_Your assignment_:
Reproduction of part of the material below, pictures omitted: copy exactly, and only, the lines starting with the one with "Técnica 1D: El" and going on through the one with "в Maxar Technologies.".

_Supplied information_:

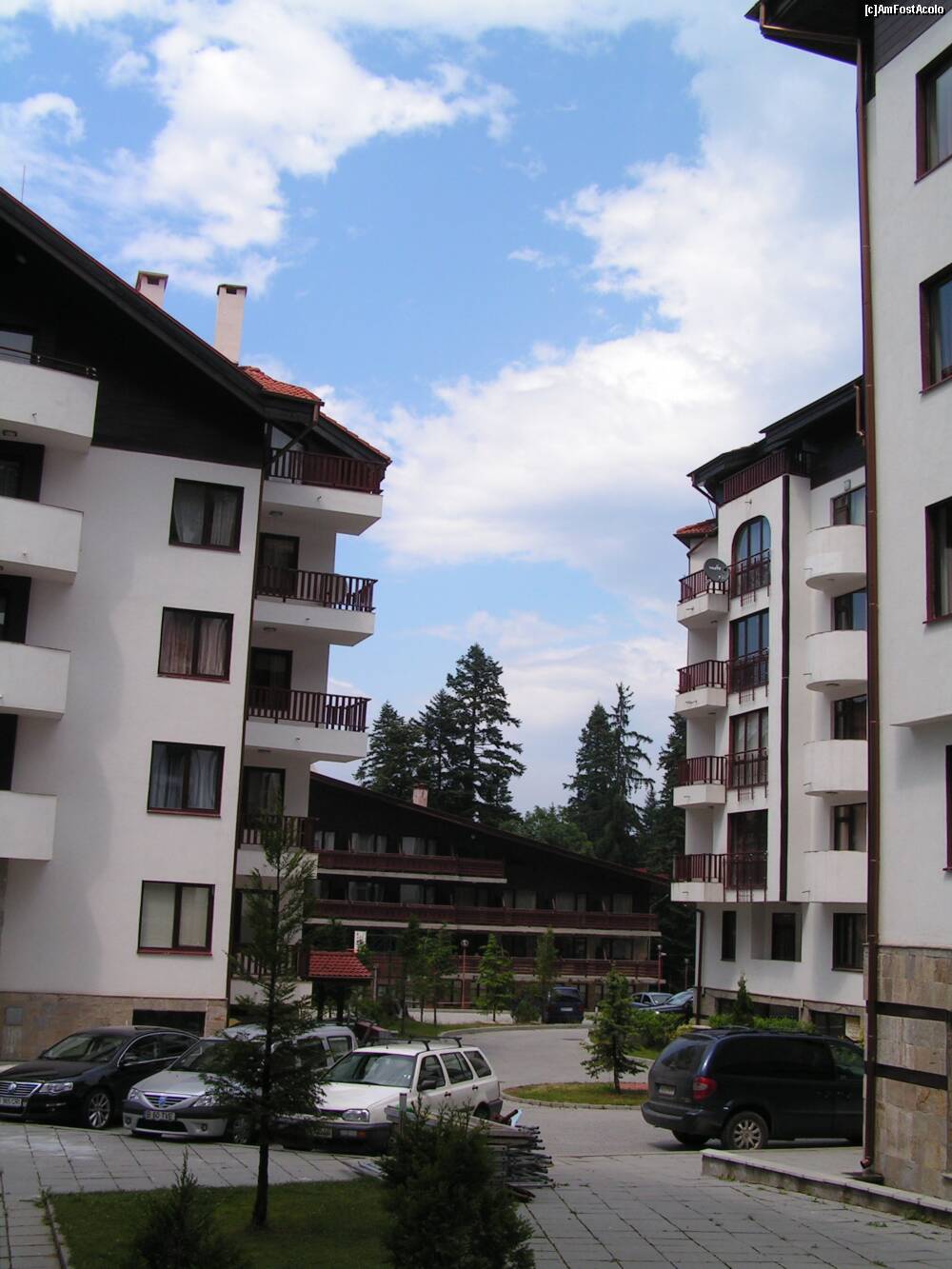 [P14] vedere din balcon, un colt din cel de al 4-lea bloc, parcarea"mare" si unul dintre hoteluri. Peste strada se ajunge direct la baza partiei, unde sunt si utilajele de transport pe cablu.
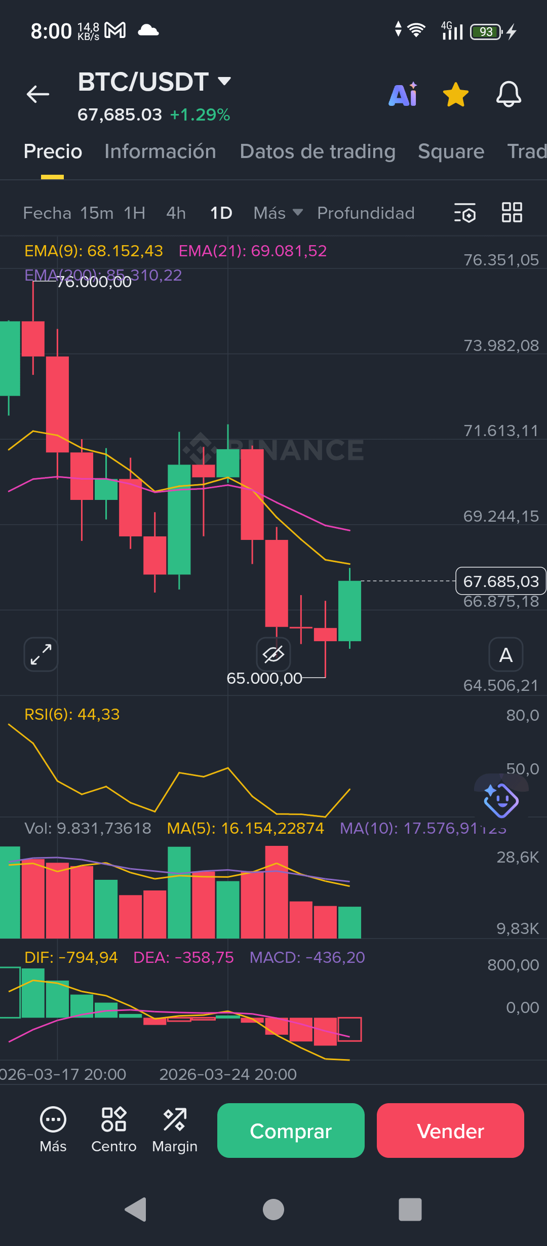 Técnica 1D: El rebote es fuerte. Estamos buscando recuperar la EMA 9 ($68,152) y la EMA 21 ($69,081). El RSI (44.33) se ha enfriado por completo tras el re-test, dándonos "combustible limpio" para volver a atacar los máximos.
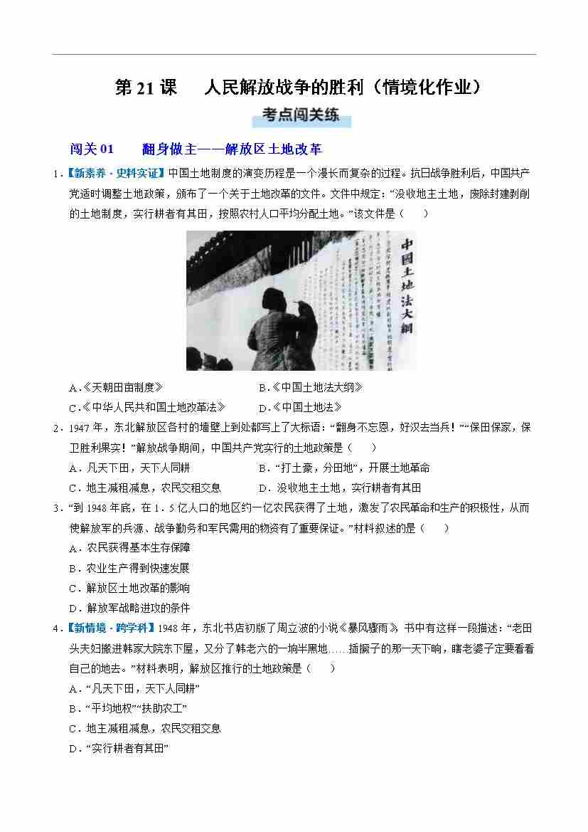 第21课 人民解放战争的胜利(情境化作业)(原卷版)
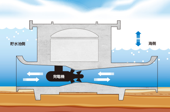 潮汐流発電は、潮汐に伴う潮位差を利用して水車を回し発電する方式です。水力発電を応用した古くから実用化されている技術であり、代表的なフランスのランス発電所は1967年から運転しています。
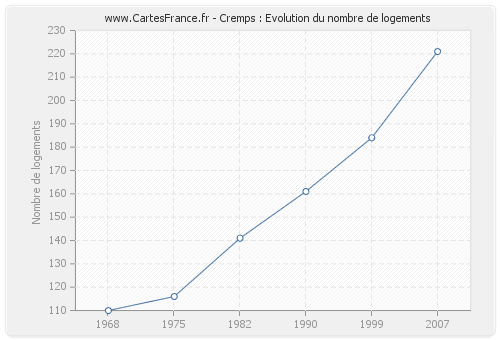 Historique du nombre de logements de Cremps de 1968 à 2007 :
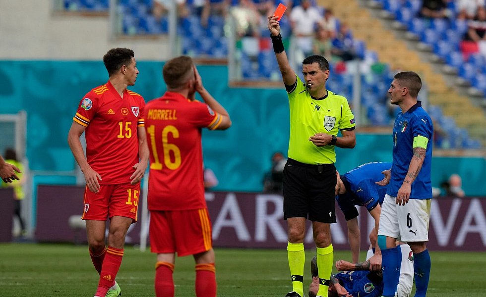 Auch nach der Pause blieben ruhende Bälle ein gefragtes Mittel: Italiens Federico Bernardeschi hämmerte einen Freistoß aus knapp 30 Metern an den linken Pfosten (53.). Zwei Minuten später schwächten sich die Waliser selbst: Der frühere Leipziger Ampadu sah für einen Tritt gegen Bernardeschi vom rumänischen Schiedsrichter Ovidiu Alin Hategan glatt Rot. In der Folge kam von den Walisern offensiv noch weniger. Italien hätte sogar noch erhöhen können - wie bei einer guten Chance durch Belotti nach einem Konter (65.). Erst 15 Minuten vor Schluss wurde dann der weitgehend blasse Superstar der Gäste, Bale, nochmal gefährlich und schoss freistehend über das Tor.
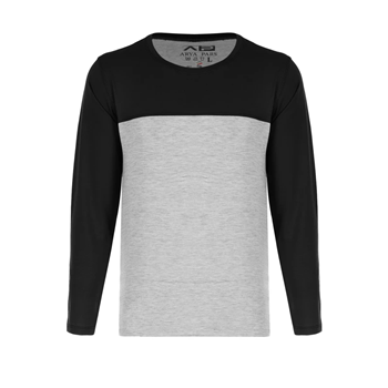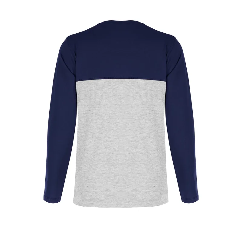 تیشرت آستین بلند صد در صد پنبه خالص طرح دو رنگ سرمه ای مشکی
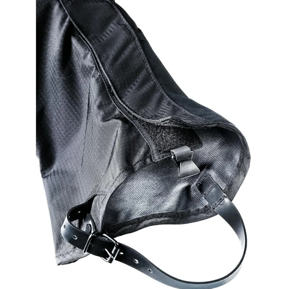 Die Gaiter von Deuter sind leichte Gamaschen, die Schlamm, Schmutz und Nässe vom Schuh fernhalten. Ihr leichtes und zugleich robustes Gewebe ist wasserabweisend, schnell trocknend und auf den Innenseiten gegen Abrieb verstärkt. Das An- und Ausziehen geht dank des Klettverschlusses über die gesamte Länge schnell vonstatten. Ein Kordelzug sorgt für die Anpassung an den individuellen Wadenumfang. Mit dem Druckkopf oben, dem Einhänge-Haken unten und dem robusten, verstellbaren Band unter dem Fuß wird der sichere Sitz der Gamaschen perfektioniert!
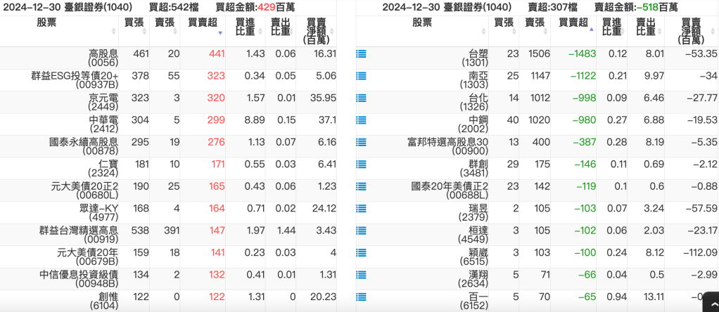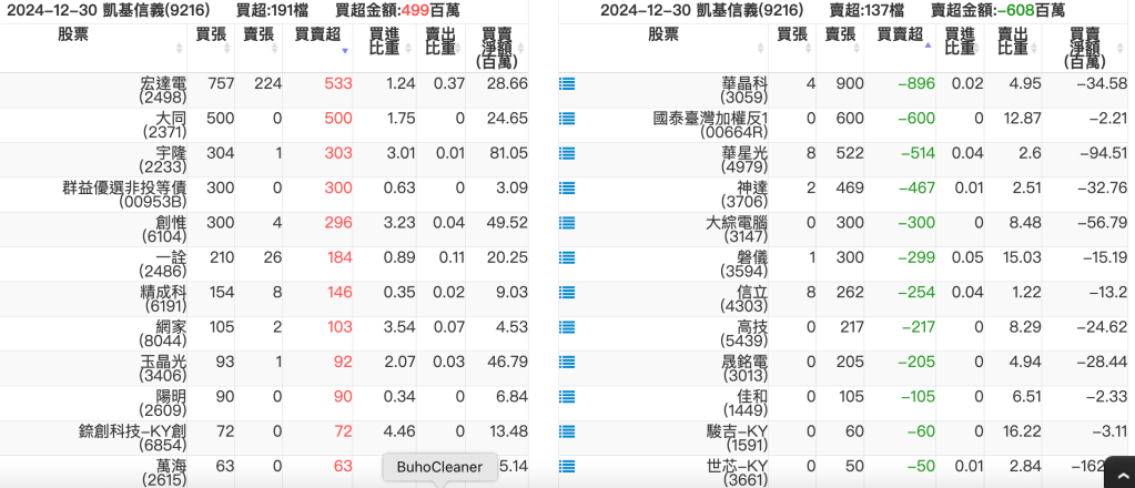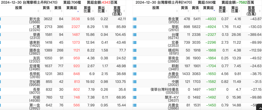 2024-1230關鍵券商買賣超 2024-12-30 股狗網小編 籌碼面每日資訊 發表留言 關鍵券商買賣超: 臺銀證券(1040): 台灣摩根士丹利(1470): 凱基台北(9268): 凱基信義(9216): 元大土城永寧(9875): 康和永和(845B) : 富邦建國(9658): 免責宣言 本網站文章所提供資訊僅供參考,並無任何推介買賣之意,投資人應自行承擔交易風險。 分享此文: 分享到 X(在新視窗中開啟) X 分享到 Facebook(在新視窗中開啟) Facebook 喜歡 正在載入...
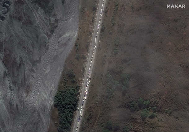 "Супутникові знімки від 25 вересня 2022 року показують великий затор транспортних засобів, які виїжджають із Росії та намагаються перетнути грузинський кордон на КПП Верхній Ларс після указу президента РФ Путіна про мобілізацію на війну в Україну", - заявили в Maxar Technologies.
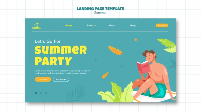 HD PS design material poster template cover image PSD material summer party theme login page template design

_Solution_:
 Técnica 1D: El rebote es fuerte. Estamos buscando recuperar la EMA 9 ($68,152) y la EMA 21 ($69,081). El RSI (44.33) se ha enfriado por completo tras el re-test, dándonos "combustible limpio" para volver a atacar los máximos.
 第21课 人民解放战争的胜利(情境化作业)(原卷版)
 潮汐流発電は、潮汐に伴う潮位差を利用して水車を回し発電する方式です。水力発電を応用した古くから実用化されている技術であり、代表的なフランスのランス発電所は1967年から運転しています。
 Historique du nombre de logements de Cremps de 1968 à 2007 :
 Auch nach der Pause blieben ruhende Bälle ein gefragtes Mittel: Italiens Federico Bernardeschi hämmerte einen Freistoß aus knapp 30 Metern an den linken Pfosten (53.). Zwei Minuten später schwächten sich die Waliser selbst: Der frühere Leipziger Ampadu sah für einen Tritt gegen Bernardeschi vom rumänischen Schiedsrichter Ovidiu Alin Hategan glatt Rot. In der Folge kam von den Walisern offensiv noch weniger. Italien hätte sogar noch erhöhen können - wie bei einer guten Chance durch Belotti nach einem Konter (65.). Erst 15 Minuten vor Schluss wurde dann der weitgehend blasse Superstar der Gäste, Bale, nochmal gefährlich und schoss freistehend über das Tor.
 تیشرت آستین بلند صد در صد پنبه خالص طرح دو رنگ سرمه ای مشکی
 Die Gaiter von Deuter sind leichte Gamaschen, die Schlamm, Schmutz und Nässe vom Schuh fernhalten. Ihr leichtes und zugleich robustes Gewebe ist wasserabweisend, schnell trocknend und auf den Innenseiten gegen Abrieb verstärkt. Das An- und Ausziehen geht dank des Klettverschlusses über die gesamte Länge schnell vonstatten. Ein Kordelzug sorgt für die Anpassung an den individuellen Wadenumfang. Mit dem Druckkopf oben, dem Einhänge-Haken unten und dem robusten, verstellbaren Band unter dem Fuß wird der sichere Sitz der Gamaschen perfektioniert!
 2024-1230關鍵券商買賣超 2024-12-30 股狗網小編 籌碼面每日資訊 發表留言 關鍵券商買賣超: 臺銀證券(1040): 台灣摩根士丹利(1470): 凱基台北(9268): 凱基信義(9216): 元大土城永寧(9875): 康和永和(845B) : 富邦建國(9658): 免責宣言 本網站文章所提供資訊僅供參考,並無任何推介買賣之意,投資人應自行承擔交易風險。 分享此文: 分享到 X(在新視窗中開啟) X 分享到 Facebook(在新視窗中開啟) Facebook 喜歡 正在載入...
 "Супутникові знімки від 25 вересня 2022 року показують великий затор транспортних засобів, які виїжджають із Росії та намагаються перетнути грузинський кордон на КПП Верхній Ларс після указу президента РФ Путіна про мобілізацію на війну в Україну", - заявили в Maxar Technologies.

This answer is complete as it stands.